Beitrag von DirkHB » Freitag 12. Oktober 2012, 20:39

Hallo liebe Forenfreunde,
Meine Verlobte und ich wollen in nächster Zukunft in den Bund der Ehe eintreten.
Meine Verlobte beabsichtigt daher von Russland nach Deutschland überzusiedeln, das stellt eigentlich kein Problem dar.
Jetzt kommt es:
Der Sohn sollte eigentlich mit nach Deutschland, der Vater verweigert aber jegliche Zustimmung und man kann nicht mit ihm reden. Der Junge ist 11 Jahre alt und hat schon immer bei der Mutter gelebt, sie ist also sein Lebensmittelpunkt. Wie ich erfahren habe, kann man dem Vater nicht so einfach seinen Teil des Sorgerechts entziehen (russsische Gesetze).
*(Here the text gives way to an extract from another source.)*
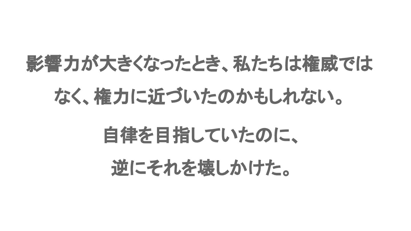 影響力が大きくなったとき、私たち 権威で なく、権力に近づいた かもしれない。 自律を目指していた に、 逆にそれを壊しかけた。
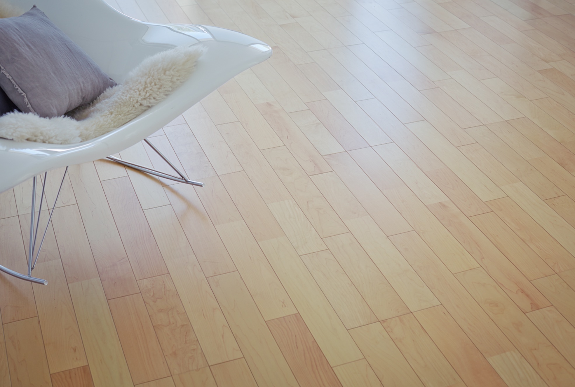 「木味醸成化処理」により天然木のみずみずしさを再現、杢理を際立たせた。キズがつきにくく床暖房にも対応する。 樹種はメープル、チェリー、ウォルナットの3種類。303x1818x3。坪3万9000円〜。

Er bezahlt gelegentlich Unterhalt nach Aufforderung, will aber mit dem Sohn sonst nicht viel zu tun haben, da er auch beruflich kaum Zeit für den Jungen hat.
Besuche des Jungen beschränken sich auf max. 24 Stunden alle 2-3 Wochen.
Die Versuche über die Tochter und den Bruder des Vaters sind absolut fehl geschlagen. Mit ihnen redet er jetzt auch nicht mehr, wie schon mit meiner Verlobten.
Die deutsche Botschaft in Moskau akzeptiert nicht, dass der Sohn ohne Zustimmung des Vaters nach Deutschland kommt, obwohl genaue Erklärungen der Botschaft voriegen. Sie hätte nach Aufenthaltsgesetz § 32 Absatz 4 zustimmen können. Außerdem gibt es Gerichtsurteile Oberverwaltungsgericht Berlin, Urteile vom 25.04.2007 OVG 12 B 2.05, 19.06 und 16.07. . Trotzdem stimmen sie nicht zu.

Jetzt meine Frage:
Besteht die Möglichkeit ein Verfahren von Deutschland aus anzustreben und bestehen Aussichten auf Erfolg, das Sorgerecht zu bekommen?
Mit welchen Kosten müssen wir in dem Fall rechnen?
Wie lange könnte ein solches Verfahren dauern?
Wir wollen es aus Deutschland versuchen, da der Vater viel Geld und Einfluss in Tscheboksary besitzt. Wir befürchten, dass er dort die Gerichte bestechen könnte.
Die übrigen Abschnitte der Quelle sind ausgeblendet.